How do you measure your food stock ?

Discussion in 'General Food and Foraging Discussion' started by sinbad, Feb 20, 2011.

Tags:
  1. sinbad

    sinbad Well-Known Member

    207
    0
    You have a stocked pantry.
    You have a long hard look at its contents.

    Simple question :

    How do you measure the numbers of days or weeks it can sustain you and family ?
     
  2. Tirediron

    Tirediron RockyMountainCanadian

    4,288
    88
    If you eat what you store , just keep track of how much you use,and then adding the fresh stuff that makes up you meals.
     

  3. carolexan

    carolexan Junior Member

    119
    0
    The below is a guide of amounts of some items. I used it for a general guide. Now that I've done this so long and keep a regular record of what comes and goes, it's easy to know with just a glance.

    Consider stocking some of the items listed as examples below. Amounts are suggested quantities for an adult for one year.

    Flour, White Enriched 17 lbs
    Corn Meal 42 lbs
    Pasta (Spaghetti/Macaroni) 42 lbs
    Beans (dry) 25 lbs
    Beans, Lima (dry) 1 lb
    Peas, Split (dry) 1 lb
    Lentils (dry) 1 lb
    Dry Soup Mix 5 lbs
    Peanut Butter 4 lbs
    Dry Yeast 1/2 lb
    Sugar, White Granulated 40 lbs
    Soda 1 lb
    Baking Powder 1 lb
    Vinegar 1/2 gal

    Suggested Amounts To Store For One Year: From the Federal Emergency Management Agency

    We do store much more than my post above talks about, this is FEMA's list not mine...it's gives you an idea what you may need for 1 person for one year
     
    Last edited: Feb 20, 2011
  4. tsrwivey

    tsrwivey Supporting Member

    3,243
    81
    We've recently gone to counting the number of meals, sort of.
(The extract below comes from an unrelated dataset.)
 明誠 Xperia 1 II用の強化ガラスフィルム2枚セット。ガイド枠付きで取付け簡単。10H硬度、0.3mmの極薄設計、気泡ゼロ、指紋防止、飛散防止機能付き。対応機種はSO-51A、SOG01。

In addition to meals, we store brownies, cake mixes, etc. that are measured in weeks, so for example we have enough brownie mixes to have one every 2 weeks for a year. Some things we just measured how long it lasted & then stored enough to last a year with some cushion, like condiments, coffee, tea, etc. We also have a plan C which is bulk amounts of sugar, pintos, rice, FD fruits, & salt that are not counted in any of the above. It's an odd system, but we know what we got. :D Can't wait to read about everyone else's systems! Mine desperately needs some tweeking!
     
  5. PamsPride

    PamsPride edirPsmaP

    1,587
    7
    I tried to plan out a menu with our favorite meals that use food storage items and then I started getting 12 of each meal and then work on 24. That was the goal anyways! The kids eat to much though! :gaah:
    Like:
    12 #10 can Ravioli
    12 meals of spaghetti
    12 meals of Taco rice fixins
    12 hamburger helper meals
    12 Chicken veggie casserole
    12 chicken casserole
    12 #10 cans baked beans...add hot dogs

    My kids could easily eat a variation of spaghetti every week....spaghetti, rigatoni, skillet mac...so I have a lot more of that stored. I have other meals but I can't think of them right now. But throw in pizza once a week and my kids could eat that menu plan over and over again!! I think I have/had 14 meals planned out and then I just plan on rotating those. We have like 200 pounds of potatoes stored from our garden and my son put a deer in freezer, plus one from the neighbor. My family are meat and potato eaters.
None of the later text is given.